The Air Pollution Index (API) in China exceeds the recommended levels of the World Health Organization (WHO). Therefore, the purpose of this paper is to investigate the actual effect of air pollution on innovation activity in China. 3 Other articles also suggest that ambient air pollution is harmful to human health, including Brunekreef and Holgate (2002), Pope et al.

We follow Chen et al. 2020) to address the endogeneity problem and adopt a quasi-natural experiment using China's Huai River policy, which provides winter heating subsidies to cities north of the Huai River, but not to cities south of the Huai River, to estimate the impact of air pollution on innovation performance. We then use a spatial regression discontinuity design (RDD) to identify the causal effect of air pollution on innovation, because there is discontinuous variation in air pollution across the Huai River and the corresponding line. We find that the API is 8.565 higher in the north and that this difference explains more than half of the API standard deviation, a result consistent with Chen et al (2013), who suggest that air pollution is more severe in northern China because of the Huai River. policy.

Overall, our results show that severe air pollution in northern China significantly hinders patent-based innovation activity.

Methodology

In Figure 1, color corresponds to interpolated API levels at the 12 nearest monitoring stations, where green, yellow, and red indicate areas with relatively low, moderate, and high API levels, respectively. As shown in Figure 1, the areas shaded in red are well separated by the Huai River/Qinling Mountains compared to the areas shaded in yellow and green, indicating a significant difference in air pollution between the two sides of the central heating boundary. This means that the 𝛽1 estimate cannot be interpreted as a causal effect of air pollution.

To address this endogeneity concern, we exploit the spatial regression discontinuity (RDD) design implicit in China's Huai River policy. First, we conduct an innovation RDD estimation to determine the extent to which innovation changes in the Huai River frontier. 𝐼𝑛𝑛𝑜𝑣𝑎𝑡𝑖𝑜𝑛𝑗,𝑡 = 𝛿0+ 𝛿1𝑁𝑗+ 𝑓(𝐿𝑗) + 𝑁𝑗𝑓(𝐿𝑗) + 𝑋𝑗 ,𝑡+ 𝜁𝑡+ 𝜀𝑗,𝑡, (2) where 𝑁𝑗 is an indicator variable that has a value of one if city j is located north. from Linija river Huai and nothing else; 𝑓(𝐿𝑗) is a polynomial of order k in degrees of north latitude of city j relative to the Huai River line; and 𝑁𝑗𝑓(𝐿𝑗) is included so that latitude may affect the results north and south of the Huai River differently.

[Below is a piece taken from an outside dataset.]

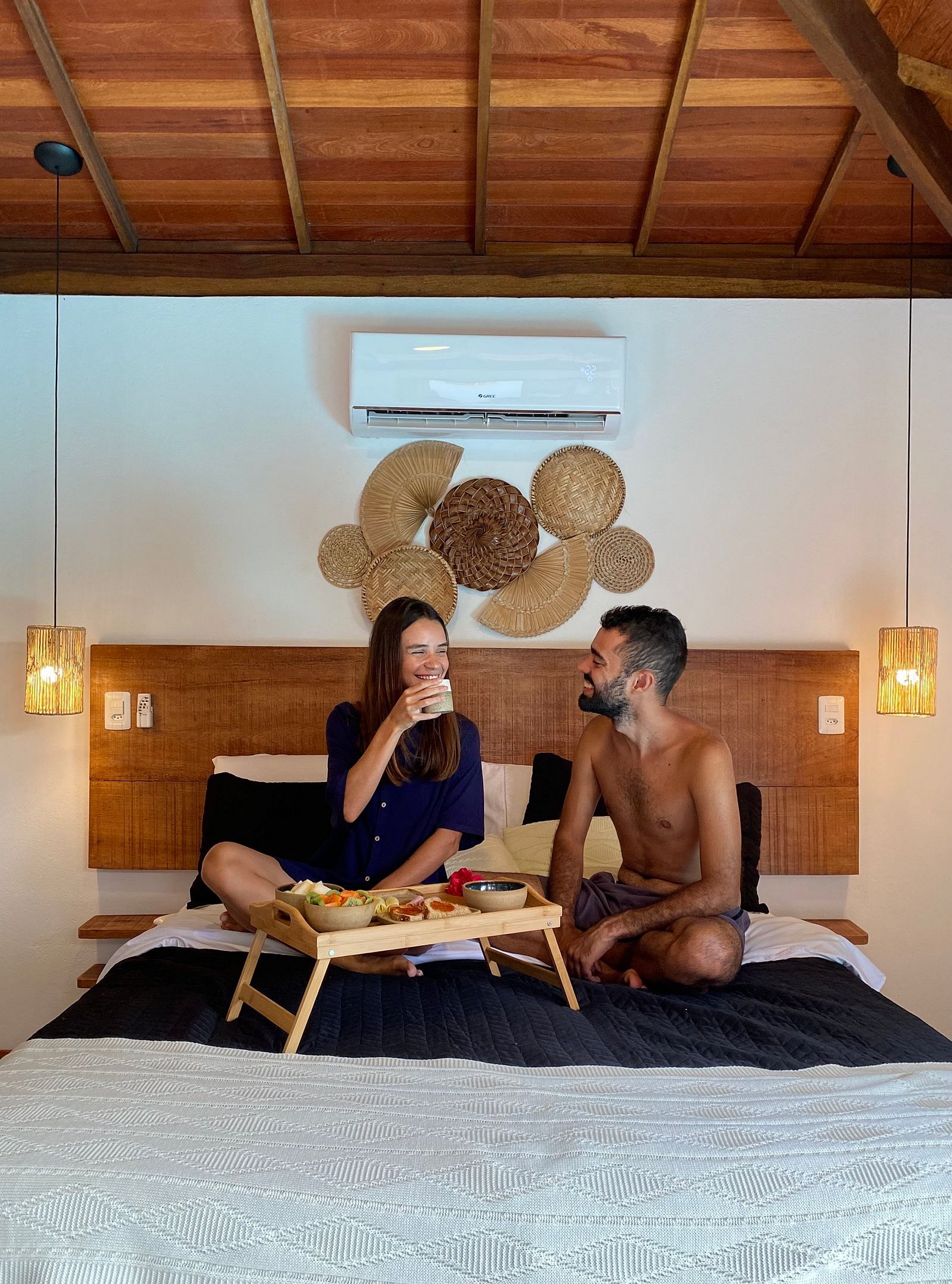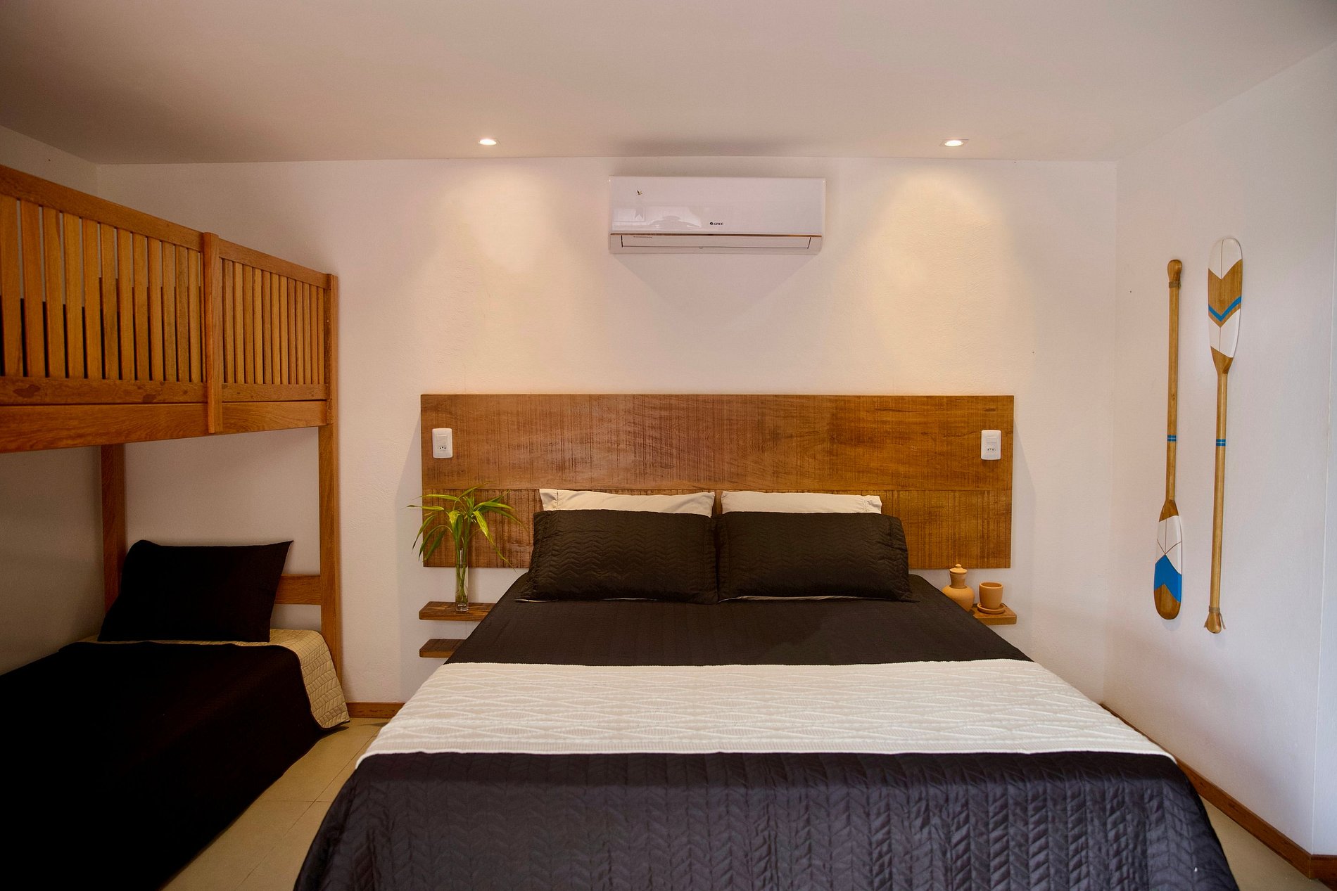 Todas as suítes dispõem de ar condicionado e ventilador de teto, decoração praiana, móveis desenhados sob medida para o espaço, suporte de malas/bagagens e camas com colchão de molas ensacadas Guldi e travesseiros anatômicos, a fim de proporcionar o máximo de bem-estar.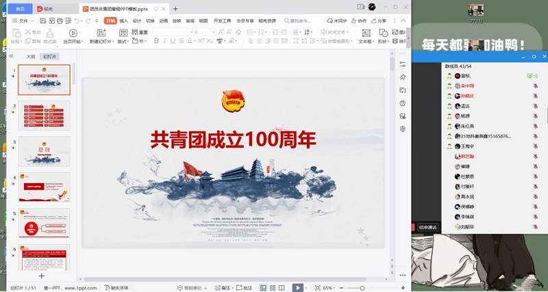 为庆祝中国共产主义青年团成立100周年,鼓励青年学生积极传承弘扬先辈昂扬精神,4月28日,hth华体育官网各团支部开展“庆祝共青团成立100年”线上主题团日活动。

Next, we use the following two-stage least squares (2SLS) RDD model to estimate the impact of air pollution on innovation. We treat the location north of the Huai River as an instrument for air pollution, as measured by the API, in the first stage, and we regress innovation on the instrumented API in the second stage. This 2SLS approach addresses the problem of confounding or omitted variables associated with estimating the impact of air pollution on innovation.

We expect 𝛼1 to be significantly positive, indicating that cities located north of the Huai River/Qinling Mountain Range have a higher air pollution level. The estimate of 𝛽1 in equation (4) can be used to interpret the causal effect of air pollution on innovation activity.

Empirical Results

The x-axis indicates the degree of latitude of the city relative to the Huai River, with 0 indicating the latitude of the Huai River and positive (negative) degrees indicating degrees north (south) relative to the Huai River. The discontinuity in innovation is illustrated in a very intuitive way in Figure 2, which clearly shows that innovation jumps as we move from north to south across the Huai River. Specifically, we find a strikingly discrete decline in innovation at the border, suggesting that innovation is lower in the north than in the south, as defined by the Huai River border.

To examine whether the Huai River policy causes a drastic change in air pollution, we plot the RDD of the API against the degrees of latitude north of the Huai River in Figure 3. We find that there is a sharp discrete jump in the API around 15 at the border, implying that the API is about one standard deviation higher in the north than in the south around the Huai River border. More clearly, cities located north of the Huai River exhibit significantly higher pollution and lower innovation.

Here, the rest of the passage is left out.